**TRY IT:** Could the listing below be reproduced exactly, minus its pictures?

**EXERCISE MATERIAL:**
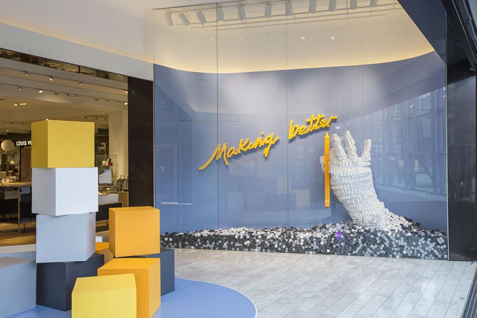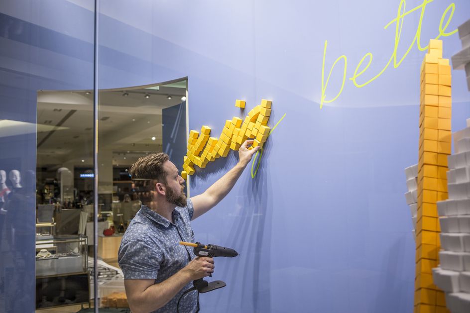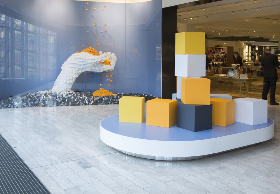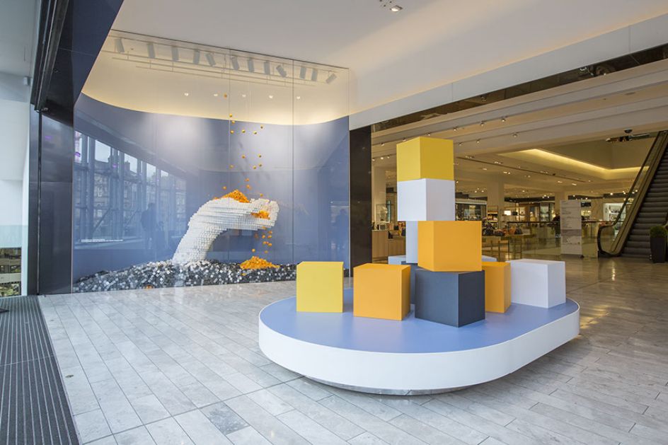 The creative studio, founded by designer and artist Sam Robins, was commissioned by Selfridges to create the large-scale installation for its Manchester Exchange Square store as part of its Bright New Things sustainability initiative.
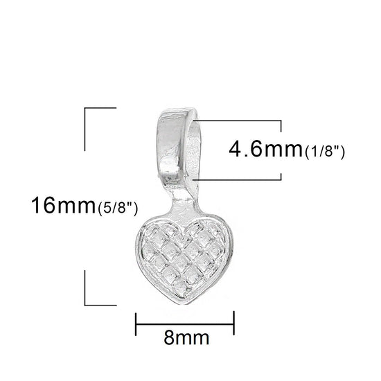 BA054 - 200 pcs. Silver Plated Small Heart Tag Glue On Bails - 16mm x 8mm
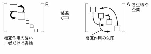 そしてここではそれらの食物連鎖や相互依存関係が矢印で示されており、下の図Aのようにそれらが全体を回ることで、多数の生物や企業同士の相互依存関係が一種の大きな生態系を作っているわけである。
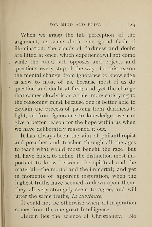 When we grasp the full perception of the argument, as some do in one grand flash of illumination, the clouds of darkness and doubt are lifted at once, which experience will not come while the mind still opposes and objects and questions every step of the way; for this reason the mental change from ignorance to knowledge is slow to most of us, because most of us do question and doubt at first; and yet the change that comes slowly is as a rule more satisfying to the reasoning mind, because one is better able to explain the process of passing from darkness to light, or from ignorance to knowledge; we can give a better reason for the hope within us when we have deliberately reasoned it out.
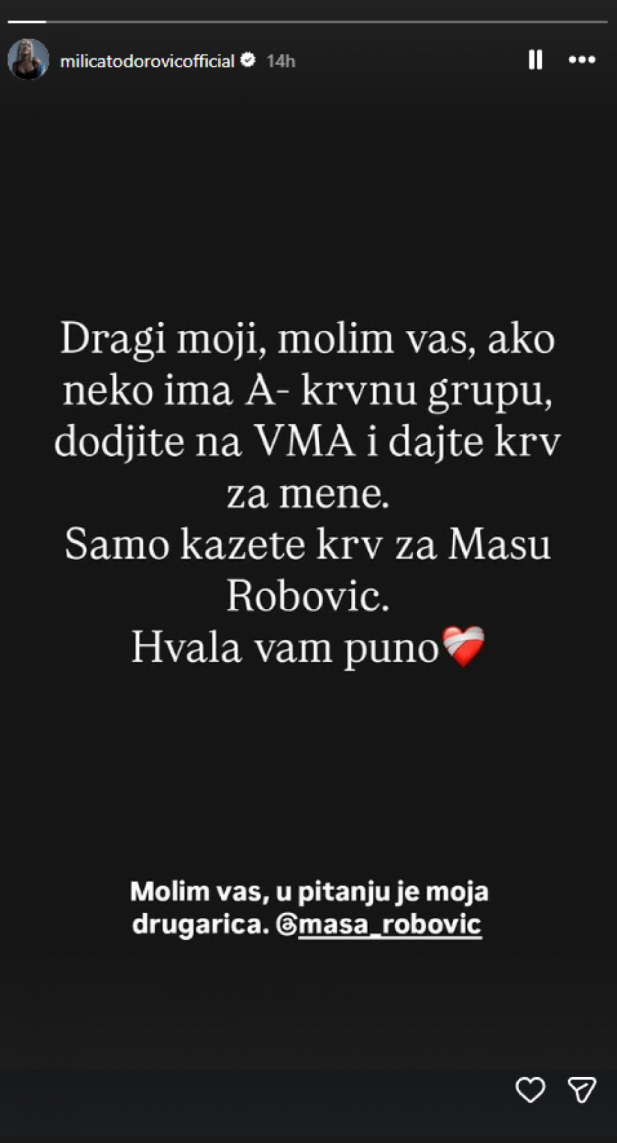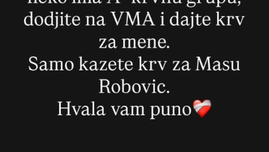 - Dragi moji, molim vas. Ako neko ima A krvnu grupu, dođite i dajte krv za mene. Samo kažite krv za Mašu Robović. Hvala vam puno - napisala je Milica i dodala:
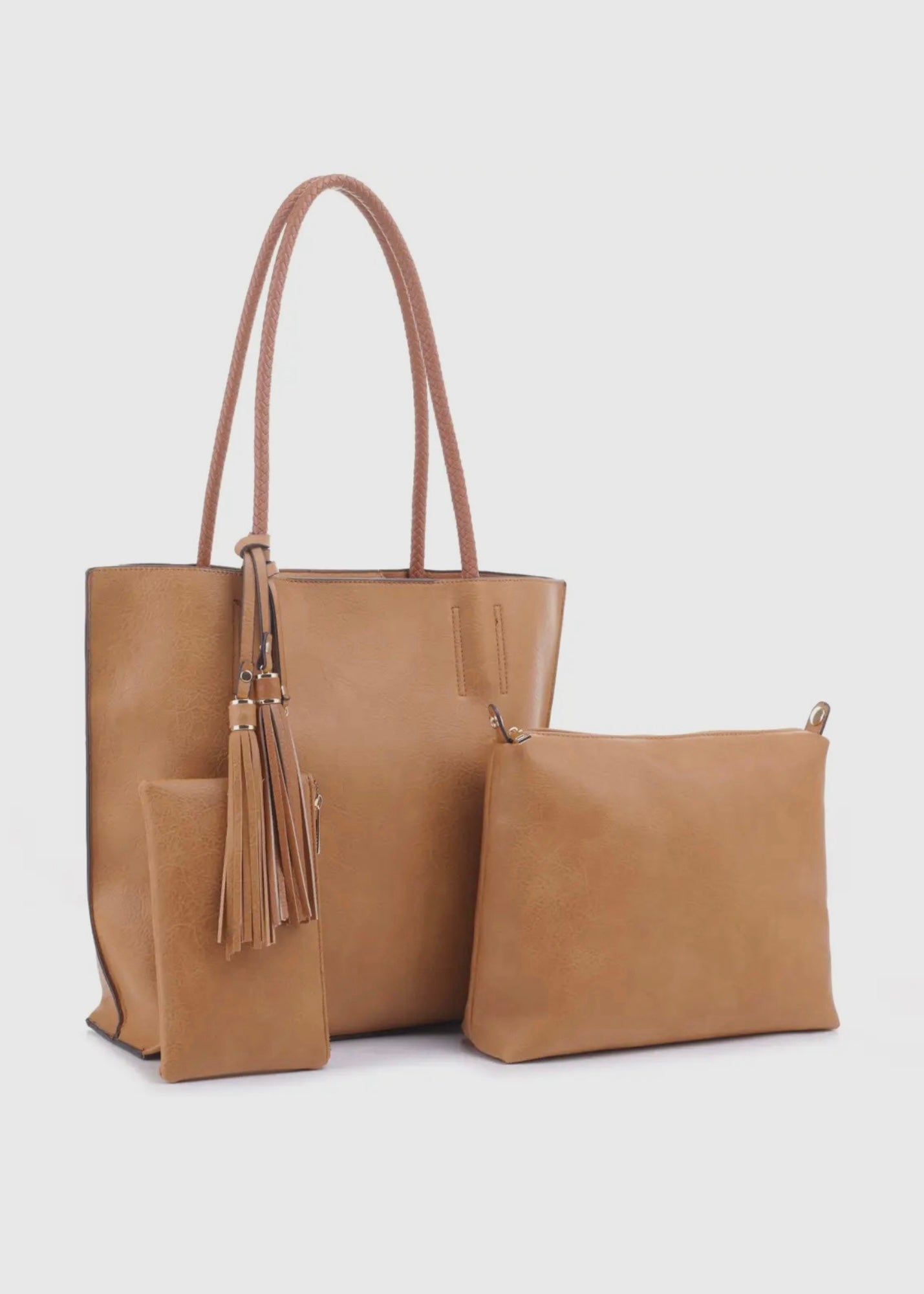 This 3-piece tote set, accented with a tassel, offers versatile size options to match any outfit. With an open top and lined interior, it features a wristlet attached to the exterior and shoulder straps with an 11 inch drop. Dimensions are 12.5 inches in length, 4 inches in width, and 13.25 inches in height.

**EXERCISE RESPONSE:**
 The creative studio, founded by designer and artist Sam Robins, was commissioned by Selfridges to create the large-scale installation for its Manchester Exchange Square store as part of its Bright New Things sustainability initiative.
 BA054 - 200 pcs. Silver Plated Small Heart Tag Glue On Bails - 16mm x 8mm
 そしてここではそれらの食物連鎖や相互依存関係が矢印で示されており、下の図Aのようにそれらが全体を回ることで、多数の生物や企業同士の相互依存関係が一種の大きな生態系を作っているわけである。
 When we grasp the full perception of the argument, as some do in one grand flash of illumination, the clouds of darkness and doubt are lifted at once, which experience will not come while the mind still opposes and objects and questions every step of the way; for this reason the mental change from ignorance to knowledge is slow to most of us, because most of us do question and doubt at first; and yet the change that comes slowly is as a rule more satisfying to the reasoning mind, because one is better able to explain the process of passing from darkness to light, or from ignorance to knowledge; we can give a better reason for the hope within us when we have deliberately reasoned it out.
 - Dragi moji, molim vas. Ako neko ima A krvnu grupu, dođite i dajte krv za mene. Samo kažite krv za Mašu Robović. Hvala vam puno - napisala je Milica i dodala:
 This 3-piece tote set, accented with a tassel, offers versatile size options to match any outfit. With an open top and lined interior, it features a wristlet attached to the exterior and shoulder straps with an 11 inch drop. Dimensions are 12.5 inches in length, 4 inches in width, and 13.25 inches in height.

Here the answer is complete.